April 19, 2007

My husband and I are gun owners. More accurately, JB is a gun owner, but one year he gave me a Ladysmith Smith & Wesson .38 Special, a revolver with gleaming grips that’s strong enough to kill a man, but sized for a woman. So I suppose I am a gun owner too.

JB was raised in a pro-gun environment. His father is a hunter, a target shooting enthusiast, and a collector of firearms; JB and his brother share many of the same interests. Target practice used to be one of JB’s favorite hobbies, especially when we lived in Las Vegas near a large range. These days he only uses guns in Oregon, when we’re visiting his family in Coos Bay and the menfolk go out to target shoot. He joins his family once a year in the fall to elk hunt, too.

Before I met JB I’d never seen a gun in real life. Now I’ve not only seen plenty of firearms, I’ve shot quite a few, from pistols to shotguns to high-powered rifles. I used to be a pretty good shot with a Mini-14, which is the sort of Big Scary Gun you see in movies depicting dramatic bank robberies.

I went shooting with JB because it was something he enjoyed and I had no particular reservations about interacting with guns (although I had a very strong emotional reaction the first time I pulled the trigger, it was overwhelming and terrifying to understand the destructive power I held in my hand). Several years ago we shot together quite a bit, and since then the opportunities to do so—and the interest, I suppose—have dwindled. I don’t think I’ve fired a gun for at least a couple of years.

Politically I am not in the same camp as JB, who believes very strongly in the right to bear arms. It’s a gray area for me. I don’t necessarily believe that gun ownership should be outlawed. I do believe it should be strongly regulated, and that, for instance, people who are forcibly admitted to mental hospitals shouldn’t be able to buy Glocks.

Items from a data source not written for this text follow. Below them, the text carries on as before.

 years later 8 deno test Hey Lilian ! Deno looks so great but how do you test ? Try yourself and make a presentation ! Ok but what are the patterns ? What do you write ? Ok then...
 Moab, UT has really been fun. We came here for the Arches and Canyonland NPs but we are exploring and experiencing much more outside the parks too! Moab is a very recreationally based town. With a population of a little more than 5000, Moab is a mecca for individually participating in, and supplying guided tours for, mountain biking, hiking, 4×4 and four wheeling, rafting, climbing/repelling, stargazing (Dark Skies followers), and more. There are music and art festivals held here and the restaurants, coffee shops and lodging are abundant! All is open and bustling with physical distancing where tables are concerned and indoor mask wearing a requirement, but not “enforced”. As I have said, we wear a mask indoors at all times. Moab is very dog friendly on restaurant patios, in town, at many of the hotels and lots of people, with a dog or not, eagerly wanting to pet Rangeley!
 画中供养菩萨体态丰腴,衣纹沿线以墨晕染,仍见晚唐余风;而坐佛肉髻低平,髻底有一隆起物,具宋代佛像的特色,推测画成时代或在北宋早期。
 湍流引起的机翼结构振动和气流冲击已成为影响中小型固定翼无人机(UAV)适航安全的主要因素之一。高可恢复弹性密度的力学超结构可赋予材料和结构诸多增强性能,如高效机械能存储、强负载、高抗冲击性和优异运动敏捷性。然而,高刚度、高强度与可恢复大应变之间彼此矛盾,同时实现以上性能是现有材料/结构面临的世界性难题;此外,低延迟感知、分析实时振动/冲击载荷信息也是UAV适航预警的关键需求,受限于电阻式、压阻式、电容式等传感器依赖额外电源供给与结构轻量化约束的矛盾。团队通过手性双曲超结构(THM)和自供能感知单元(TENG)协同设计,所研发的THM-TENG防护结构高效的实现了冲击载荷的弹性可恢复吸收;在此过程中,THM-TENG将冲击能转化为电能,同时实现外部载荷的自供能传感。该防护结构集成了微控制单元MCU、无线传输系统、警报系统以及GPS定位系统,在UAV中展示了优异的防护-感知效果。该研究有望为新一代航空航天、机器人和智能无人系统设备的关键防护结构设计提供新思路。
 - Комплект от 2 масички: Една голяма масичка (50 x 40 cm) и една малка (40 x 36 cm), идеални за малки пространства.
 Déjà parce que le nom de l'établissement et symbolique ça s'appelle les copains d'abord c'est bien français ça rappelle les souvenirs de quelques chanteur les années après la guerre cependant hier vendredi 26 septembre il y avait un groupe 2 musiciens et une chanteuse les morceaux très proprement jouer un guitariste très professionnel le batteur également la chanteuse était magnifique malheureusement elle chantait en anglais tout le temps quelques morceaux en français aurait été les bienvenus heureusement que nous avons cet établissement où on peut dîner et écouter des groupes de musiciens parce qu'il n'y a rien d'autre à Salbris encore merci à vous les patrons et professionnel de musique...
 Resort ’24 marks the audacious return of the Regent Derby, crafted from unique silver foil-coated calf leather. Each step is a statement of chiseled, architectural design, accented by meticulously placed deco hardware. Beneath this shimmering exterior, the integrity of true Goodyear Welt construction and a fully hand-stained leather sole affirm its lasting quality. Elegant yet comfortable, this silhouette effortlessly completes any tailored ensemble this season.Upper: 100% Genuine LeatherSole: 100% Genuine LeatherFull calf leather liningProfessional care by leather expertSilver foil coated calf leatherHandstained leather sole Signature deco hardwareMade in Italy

JB’s feeling is that if someone in one of those Virginia Tech classrooms had been armed, the shooter could have been brought down before so much damage happened. Which isn’t to say he believes students should be carrying weapons to their classes (but maybe teachers should have the option?). As he said to me, he doesn’t have all the answers to these difficult issues, he just believes Americans need to have the right to defend themselves against their fellow man. That if guns were outlawed, criminals would still get their hands on them; that citizens should not be rendered defenseless in criminal circumstances.

His opinions are more complicated than what I’m presenting here, I only mean to show his general stance.

It’s very hard to be objective about guns when they’re being used in schools to end young lives. I’ve found that since Riley was born I feel differently about guns in general; they seem uglier, their purpose a sad statement about our society. I wish, simply, that they didn’t exist.

There doesn’t seem to be a “make unhappen” weaponry vote available to me, though, and so I have to consider the realities of a world with guns. Where Riley will grow up with events like Virginia Tech that must be explained to him, a father who would like him to be exposed to firearms the same way he was—with integrity and a never-wavering focus on safety—and a mother who futilely hopes her boy spends his life oblivious to their existence.